Microsoft AI head, Mustafa Suleyman believes that everything available on the internet is free to use to train AI models. During an interview with CNBC, Suleyman downplayed concerns about AI companies accessing intellectual property. He believes that freely copying and using publicly available content has been the norm online since a long time.

He said, “I think that with respect to content that’s already on the open web, the social contract of that content since the ‘90s has been that it is fair use. Anyone can copy it, recreate with it, reproduce with it. That has been ‘freeware,’ if you like, that’s been the understanding.”

He further stated that unless a publisher or news organisation explicitly request to “not to scrape or crawl” their content other than indexing, AI companies can use it to train AI models. He said, “There’s a separate category where a website, or a publisher, or a news organization had explicitly said ‘do not scrape or crawl me for any other reason than indexing me so that other people can find this content.’ That’s a grey area, and I think it’s going to work its way through the courts.”

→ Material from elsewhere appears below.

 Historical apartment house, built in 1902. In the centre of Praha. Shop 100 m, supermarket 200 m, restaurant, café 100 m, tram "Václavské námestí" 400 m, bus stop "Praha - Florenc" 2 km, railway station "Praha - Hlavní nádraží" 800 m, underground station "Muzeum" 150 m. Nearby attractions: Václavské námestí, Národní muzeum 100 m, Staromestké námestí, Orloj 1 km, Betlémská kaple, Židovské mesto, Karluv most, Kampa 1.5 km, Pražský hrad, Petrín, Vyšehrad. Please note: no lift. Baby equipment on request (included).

Back in May this year, eight American newspaper publishers lodged a lawsuit against Microsoft and OpenAI, accusing the companies of unauthorised usage of their articles in artificial intelligence products. The publishers, which operate major newspapers including the New York Daily News and the Chicago Tribune, allege that Microsoft’s Copilot assistant and OpenAI’s ChatGPT have been using their copyrighted articles without permission or payment.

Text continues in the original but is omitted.